En Alicante, en 2001, fue donde conoció a quien pensó que iba a ser el amor de su vida, con quien ha estado conviviendo una década. Esta ha sido su pareja más larga. «El maltrato no empezó enseguida, fue con el tiempo y por cosas puntuales que, al principio, yo no veía. Empezó a pagar su estrés laboral conmigo, a marcar las diferencias con ser sudamericana, a despreciar a mis amistades y a insultarme a gritos». De Madrid, se trasladaron a otra ciudad y allí empeoró la convivencia. «Me encontró un trabajo cerca del suyo para controlarme mejor. Yo no podía más». El miedo se transformó en pánico cuando un día, poco antes de Navidad, él se sentó frente a ella y a pocos milímetros de su cara empezó a esgrimir un cuchillo.

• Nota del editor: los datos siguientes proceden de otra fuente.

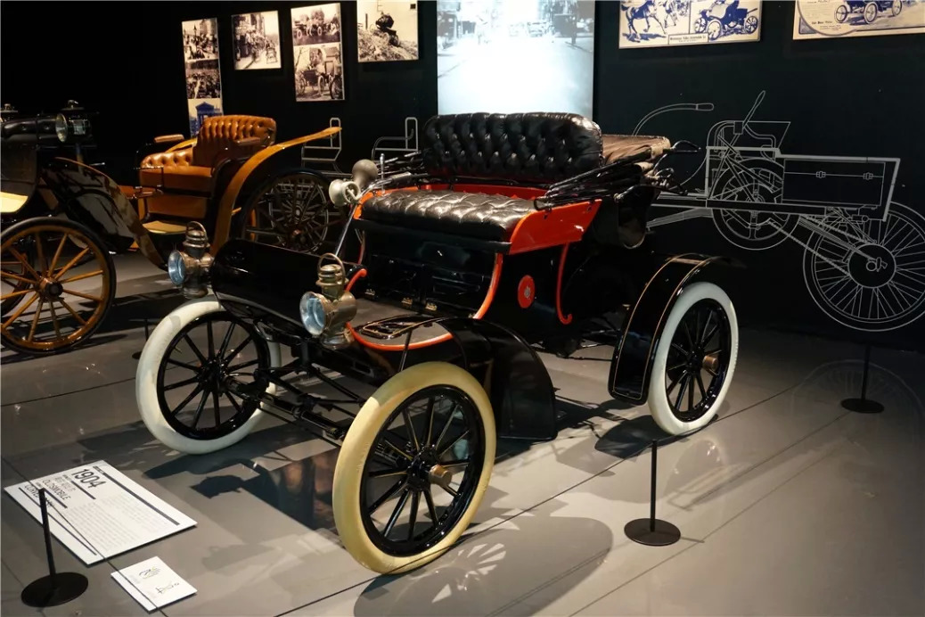 ▲1904年的奥兹莫比尔,此时的汽车就已经演化成了如今主流的四轮形态,而且带有皮革座椅、充气式轮胎、喇叭、悬架、灯光等组件,虽然照明光源采用的是乙炔灯,而且转向机构依然采用比较简洁的导向舵,但已经有一个比较成熟的雏形了。

Fue al dia siguiente cuando, desesperada, salió corriendo y entró en la Junta pidiendo ayuda. «Tuve la suerte de que un profesional con empatía supo detectar lo que ocurría y activó el protocolo. Ni me atrevía a hacer la maleta. Tuve que hacer terapia con una psicóloga para poder aceptar y entender que tenía que irme de casa y dejarle».

Por ello, Estelia Fioretti pide «a los de arriba, que abran los ojos y no se acomoden y empaticen: que una víctima no es un número, es un ser humano que está pidiendo ayuda».